Aksentije Marodić (Subotica, Serbia, 20 February 1838 – Novi Sad, Serbia, 20 March 1909) was a Serbian academic painter from Vojvodina.

==Biography==
He was born in Subotica, the son of Maksim, a tailor, and Ljubica Marodić. He was an apprentice of painter Petar Pilić in Senta in 1851–55, then of Nikola Aleksić in Novo Miloševo. While receiving many orders from the leading citizens in Subotica, he also worked for the Serbian Orthodox Church; he restored the Bunarić church icons in 1857. The next year he moved to Bečej, where he made acclaimed portraits and painted the church of baroness Jović in 1861. He studied painting in Vienna at the Academy of Fine Arts until 1866, thanks to benefactors from Subotica and Bečej and also the municipal government of Subotica.
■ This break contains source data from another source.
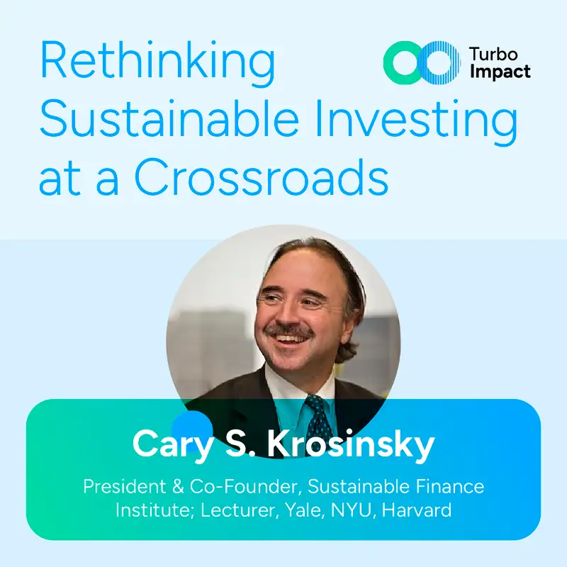 play Play pause Pause S1 E1 May 14, 2025 Cary Krosinsky: Rethinking Sustainable Investing at a Crossroads In the inaugural episode of Turbo Impact, Cary Krosinsky—educator, advisor, and co-founder of the Sustainable Finance Institute—joins host Kenny Chen to explore how su...
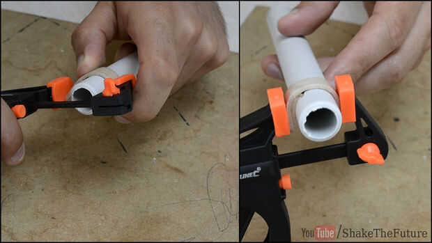 Cuando se superpone el palito, fijarlo con la abrazadera a la tubería y dejar que se seque.
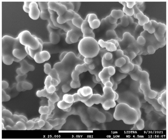 The synthesized carbon material had a spongy appearance, which consisted of agglomerates of CNS. Figure 4 shows, a micrograph of the Scanning Electron Microscope (SEM) obtained at 25,000× with an energy of 3 kV using secondary electrons. With these conditions, it was possible to obtain high-resolution details of the morphology of the nanospheres. A round structure of the carbon nanospheres can be seen, with an average individual diameter of 216 nm. A growth with a linear tendency of agglomerate is observed in the nanospheres, with a uniform growth, greater details of the structure cannot be achieved by the equipment and the conditions used.
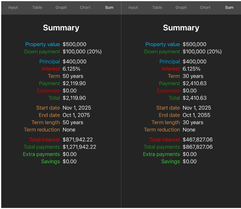 You’ll pay $467,000 in interest.On a 50-year loan, your monthly payment drops slightly to $2,119.
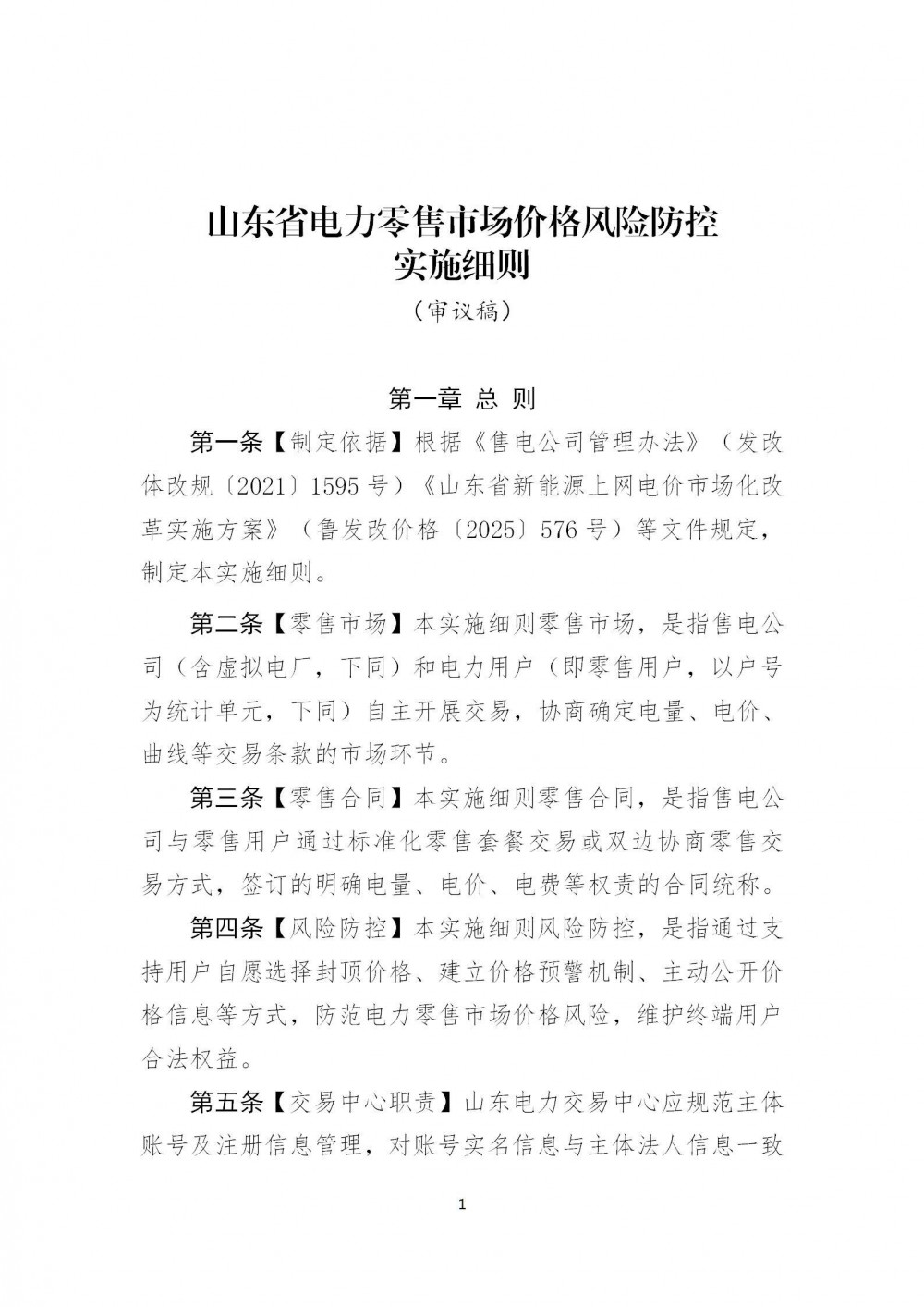 附件2:山东省电力零售市场价格风险防控实施细则(征求意见稿).doc

He then lived and worked in Italy, and upon his return published travelogues in the magazines Zastava and Javor in 1874. His work was influenced by the Italian masters that he studied. Josip Juraj Strossmayer, particularly, valued his work. Marodić was elected member of the Matica srpska literary department in 1883. He lived and worked in Kovilj until 1903, then in Novi Sad. His most accomplished work was the iconostasis in the Kovilj monastery. He was buried in the Dormition cemetery in Novi Sad.

Marodić was the first academic painter from Subotica and a representative of academicism and romanticism in Serbian painting in the second half of the 19th century. His birth house is a designated cultural heritage of Serbia classified as a Cultural Monument of Great Importance. A large number of his works are exhibited in the gallery of Matica srpska, of which 32 works are donated by the Bačka Gallery in Subotica.

A street in Subotica bears his name.